Comment 3 David Tardon 2021-05-04 16:32:11 UTC
(In reply to Troy Wilson from comment #2)
> >> Steps to Reproduce:
> >> 1. Configure a v2 cgroup that includes cpusets
> >
> > How did you configure it?
> 
> My system has 40 CPUs, I assign 4-39 to user.slice and then 5-39 to
> user-1000.slice
> 
>      echo "+cpuset" > /sys/fs/cgroup/cgroup.subtree_control
>      echo 4-39 > /sys/fs/cgroup/user.slice/cpuset.cpus
>      echo "root" > /sys/fs/cgroup/user.slice/cpuset.cpus.partition
>      echo "+cpuset" > /sys/fs/cgroup/user.slice/cgroup.subtree_control
>      echo 5-39 > /sys/fs/cgroup/user.slice/user-1000.slice/cpuset.cpus
>      echo root >
> /sys/fs/cgroup/user.slice/user-1000.slice/cpuset.cpus.partition

Manual modification of cgroups owned by systemd is not supported. If you want to manage your own subhierarchy, use delegation (https://systemd.io/CGROUP_DELEGATION/).

Comment 4 Waiman Long 2021-05-06 14:52:04 UTC
(In reply to David Tardon from comment #1)
> (In reply to Troy Wilson from comment #0)
> > Description of problem:
> > When using systemd-run on RHEL9 with cgroupv2, systemd will put the value
> > "cpu" into the /sys/fs/cgroup/*/cgroup.subtree_control files, which has the
> > effect of destroying any existing v2 cgroup that is configured.  I don't
> > know if systemd-run should or should not be putting anything in
> > /sys/fs/cgroup/*/cgroup.subtree_control,
> 
> systemd-run just forwards the command (together with supplied options) to
> systemd, which starts it as a transient unit.
> 
>  but if it does, the keyword for
> > cgroupv2 is "cpuset", not "cpu".
> 
> https://github.com/torvalds/linux/blob/master/Documentation/admin-guide/
> cgroup-v2.rst#cpu
> 
> > Steps to Reproduce:
> > 1. Configure a v2 cgroup that includes cpusets
> 
> How did you configure it?

The way cgroup v2 works is that you have to enable the specific controller level-by-level.

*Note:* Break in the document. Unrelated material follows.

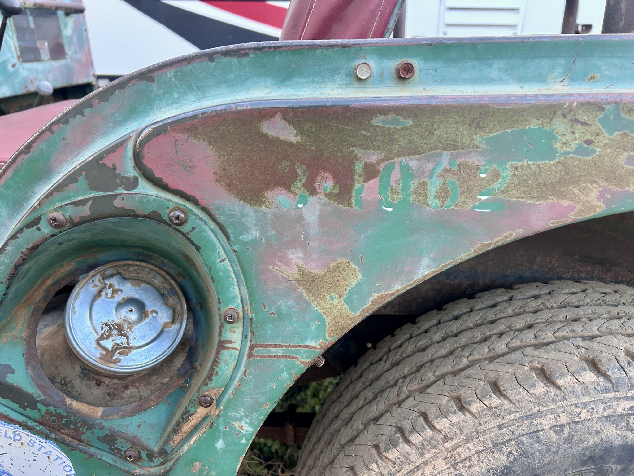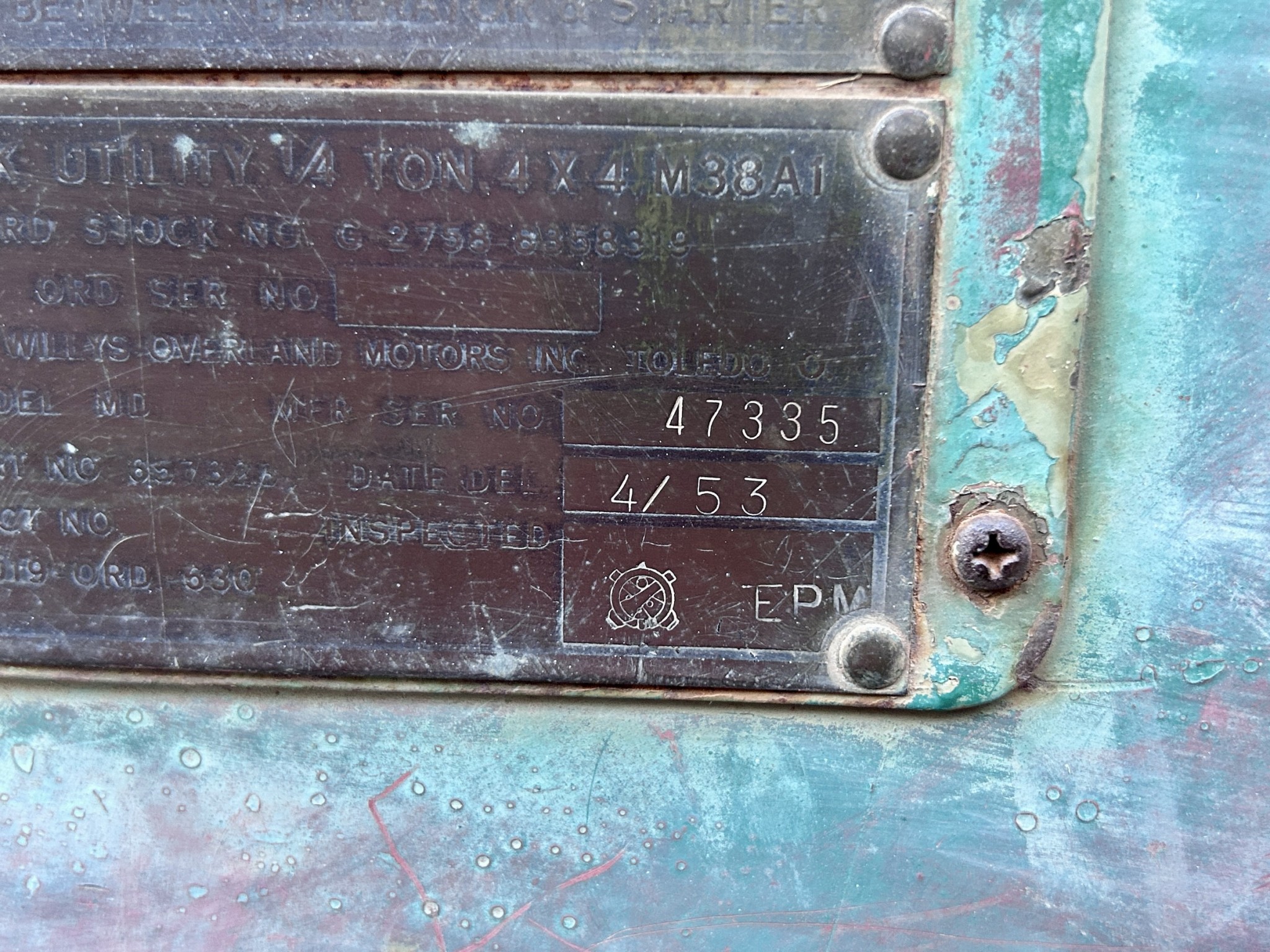 The M38A1 uses the 134-cubic-inch “Hurricane” F-Head four cylinder, which produces 72 horsepower and 114 lb.-ft. of torque; the seller says that it “starts right up” and the Jeep drives well. The transmission is a Warner T-90 three-speed manual, and the M38A1 used a Dana 18 transfer case and Dana front and rear axles. A few running changes took place throughout the 1953 model year, and this example seems to have parts from both “generations,” such as the hinged front grille and radiator mount from the first generation and the battery box and fenders of the second. If there’s one thing I’ve learned in researching Jeeps, however, it’s that anything was possible.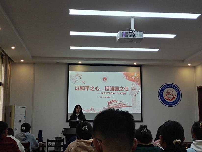 班会分为四项议程进行,首先2138cn太阳集团2022级研究生1班班长仇裴如以“以和平之心,担强国之任”为题,讲述了中国用实际行动维护世界和平、推动构建人类命运共同体、促进世界和平与发展的故事。

Echoing "+cpuset" to cgroup.subtree_control, for example, will enable its children to have the cpuset controller enabled. However, the grandchildren won't have cpuset enabled. Each child has to enable it in its cgroup.subtree_control to allow the grandchildren to use cpuset.

Generally speaking, you can enable all the controllers except one in all the cgroups. The exception is the cpu controller because having a nested cpu controller hierarchy will cause some performance degradation. So care must be taken to enable cpu controller. There are engineers upstream trying to fix this problem, but it will probably take a while.

-Longman